PROVIDED DATA.
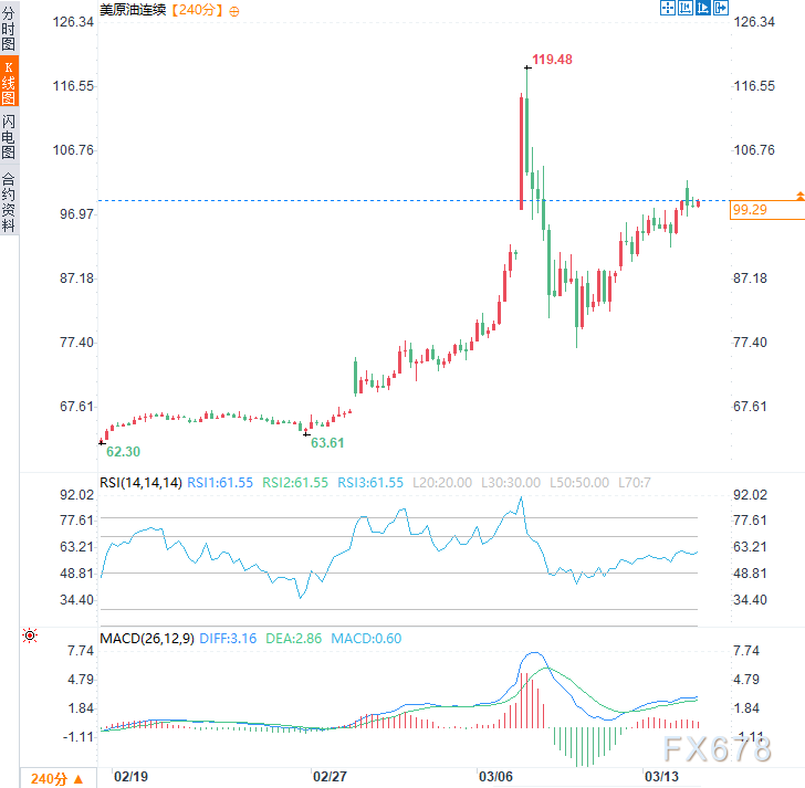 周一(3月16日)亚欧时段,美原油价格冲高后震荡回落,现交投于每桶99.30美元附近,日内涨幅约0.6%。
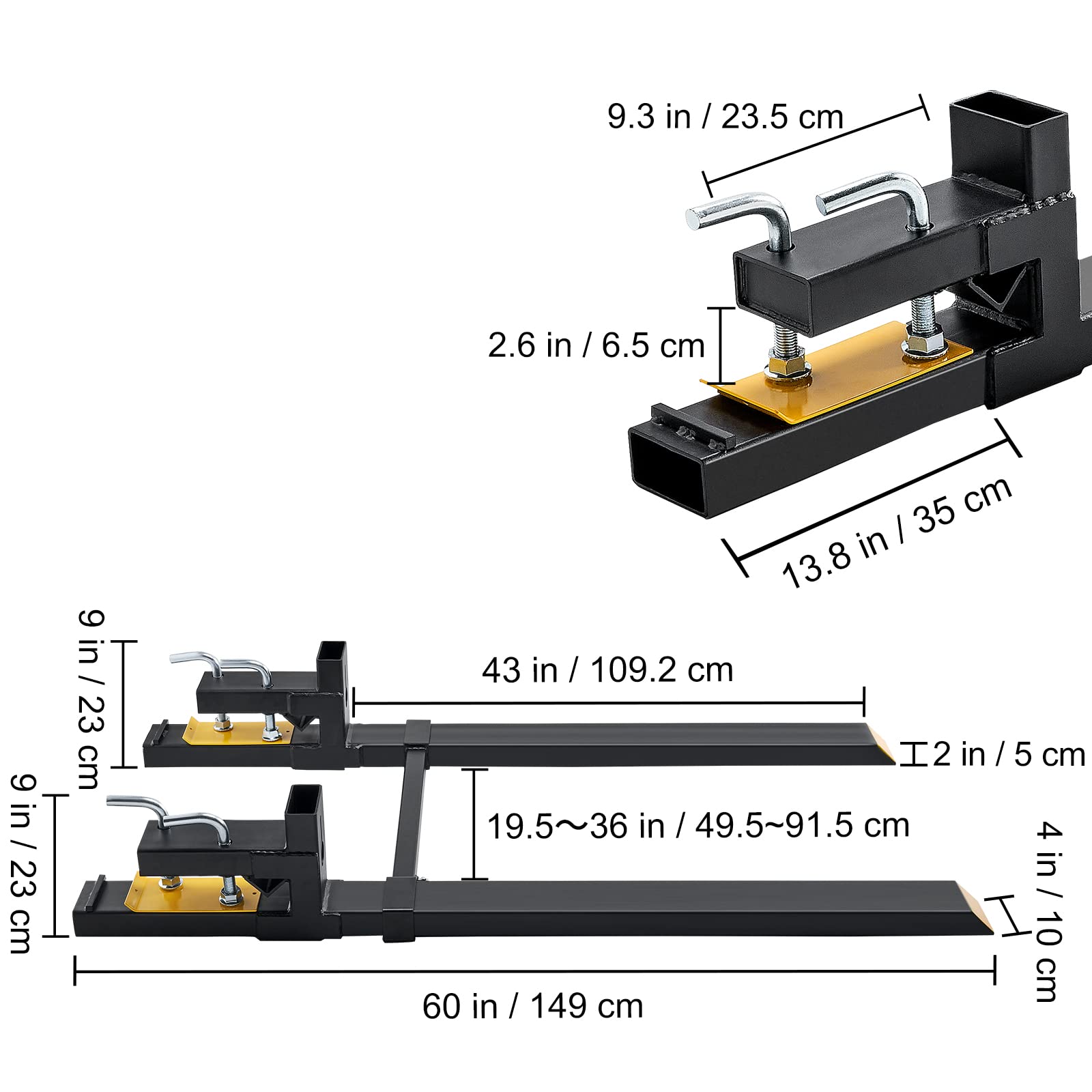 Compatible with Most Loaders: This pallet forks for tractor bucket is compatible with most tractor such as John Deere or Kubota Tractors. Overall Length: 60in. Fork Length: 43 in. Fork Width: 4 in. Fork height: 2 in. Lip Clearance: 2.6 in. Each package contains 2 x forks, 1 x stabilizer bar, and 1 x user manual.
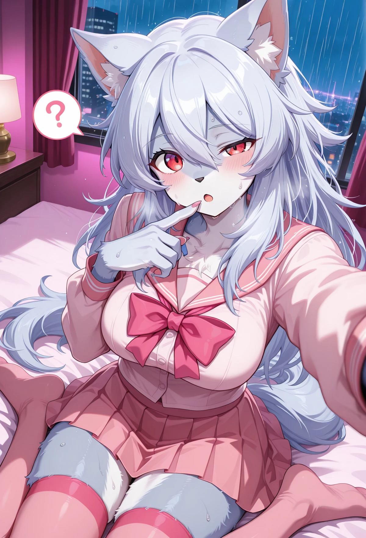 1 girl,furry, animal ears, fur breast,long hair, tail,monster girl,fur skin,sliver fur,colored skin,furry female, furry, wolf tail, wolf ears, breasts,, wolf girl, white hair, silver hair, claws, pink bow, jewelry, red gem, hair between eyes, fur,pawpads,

PROMPT.
Keep every word of the lines above unchanged in the copy, and omit the pictures.

ANSWER BELOW.
 周一(3月16日)亚欧时段,美原油价格冲高后震荡回落,现交投于每桶99.30美元附近,日内涨幅约0.6%。
 Compatible with Most Loaders: This pallet forks for tractor bucket is compatible with most tractor such as John Deere or Kubota Tractors. Overall Length: 60in. Fork Length: 43 in. Fork Width: 4 in. Fork height: 2 in. Lip Clearance: 2.6 in. Each package contains 2 x forks, 1 x stabilizer bar, and 1 x user manual.
 1 girl,furry, animal ears, fur breast,long hair, tail,monster girl,fur skin,sliver fur,colored skin,furry female, furry, wolf tail, wolf ears, breasts,, wolf girl, white hair, silver hair, claws, pink bow, jewelry, red gem, hair between eyes, fur,pawpads,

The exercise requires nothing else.